Maria Jose Recalde-Vela, 'Habbal et al v Argentina: The Inter-American Court of Human Rights' Test on Arbitrary Deprivation of Nationality'
(2023) 5(2) Statelessness & Citizenship Review 217
- The case note examines the Court’s decision in Habbal et al.,in the context of nationality and human rights, wherein the Court reaffirmed its previous jurisprudence in the Opinion.
- Recalde‑Vela positions the Opinion as a normative and jurisprudential stepping stone for the Court’s reasoning in Habbal et al., especially in framing the limits of permissible state action in nationality law. She argues that while the Opinion dealt with conditions of acquisition, it gave the Court
tools to analyse deprivation cases — tools that were fully deployed and fleshed out in Habbal et al.

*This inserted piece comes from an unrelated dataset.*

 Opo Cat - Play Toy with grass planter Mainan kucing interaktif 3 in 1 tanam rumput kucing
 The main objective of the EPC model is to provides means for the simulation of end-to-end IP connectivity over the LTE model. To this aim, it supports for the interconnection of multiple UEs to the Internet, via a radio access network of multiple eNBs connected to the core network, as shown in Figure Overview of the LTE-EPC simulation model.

Tamas Molnar, 'The Prohibition of Arbitrary Deprivation of Nationality under International Law and EU Law: New Perspectives'
(2014) Hungarian Yearbook of International Law and European Law 67
- Tamás Molnár’s 2014 article explicitly cites the Opinion as a key precedent in framing the limits placed by international human rights law on state discretion in nationality matters.

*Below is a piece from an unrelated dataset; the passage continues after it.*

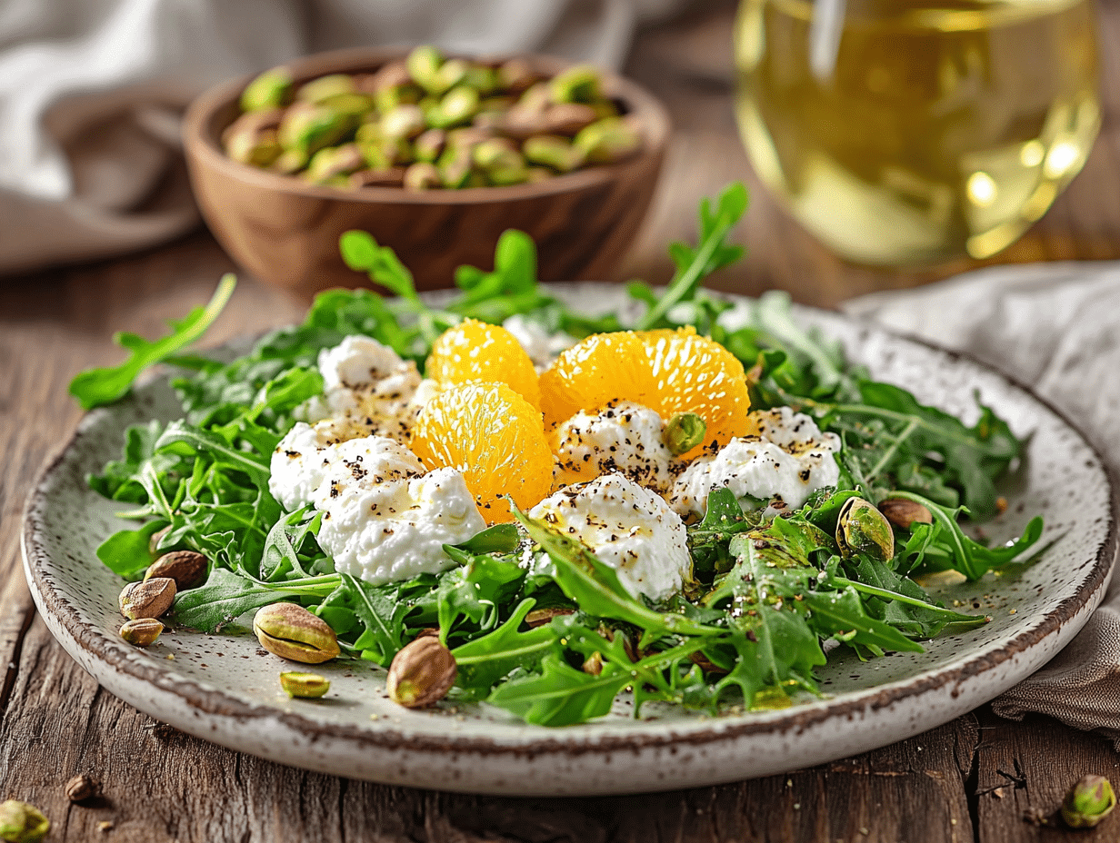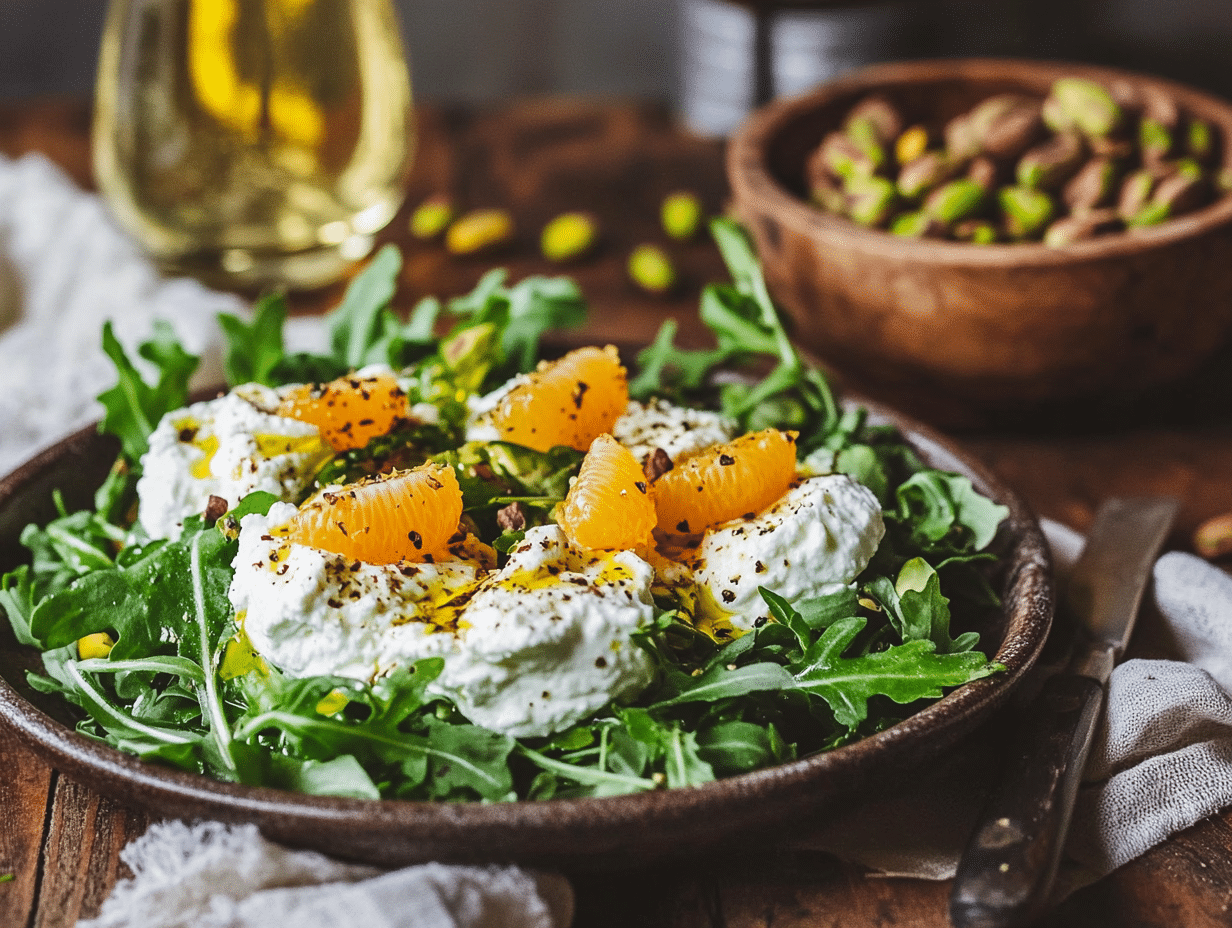 At the heart of this dish is ricotta, a soft and creamy cheese that has been a cornerstone of Sicilian kitchens for generations. Sicilian ricotta, often made from sheep’s milk, has a particularly delicate sweetness and luscious texture, which elevates the subtle flavors of this salad. Traditionally, ricotta is used in both sweet and savory dishes, from ricotta-stuffed cannoli to ricotta-rich pasta sauces. Here, it lends a creamy contrast to the freshness of arugula and the crunch of pistachios.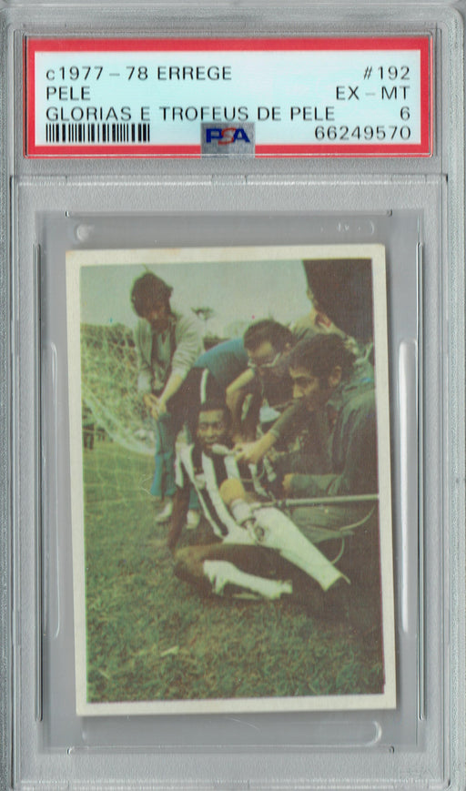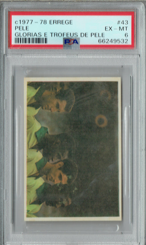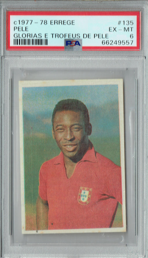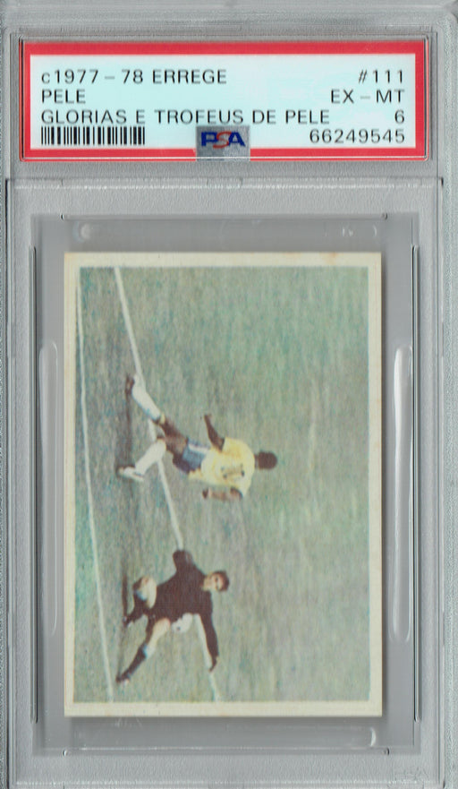 Gorgeous, PSA-graded 1977 Errege trading card of Pele of the Brazil. This is a PSA EX-MT 6 (Excellent-Mint) collectible card. This card is protecte...

- It refers to the Opinion in a citation to support the proposition that notwithstanding a states' exclusive domestic jurisdiction in matters of nationality, sovereignty can be limited by customary and treaty law rules of international law (page 69), and that the concept of nationality has evolved to
become not only the competence of the state but to be recognised as a human right (page 71). - The article treats the Opinion as a foundational example of how international human rights law intersects with nationality regulation, particularly in setting boundaries on arbitrary or discriminatory practice.
Kai Ambos, 'Thomas Buergenthal and the Americas: A Comprehensive Contribution to Human Rights Protection' (2025) 15(1) Goettingen Journal of International Law 15
- The article provides commentary on Judge Thomas Buergenthal’s contributions to international human rights law including with reference to his dissenting opinion (page 32).
- It notes, in particular, his argument that the distinction between nationality by birth or by naturalization was unjustified, contrary to the majority decision which did not find a relevant discrimination in the preferential treatment based on birth (page 33).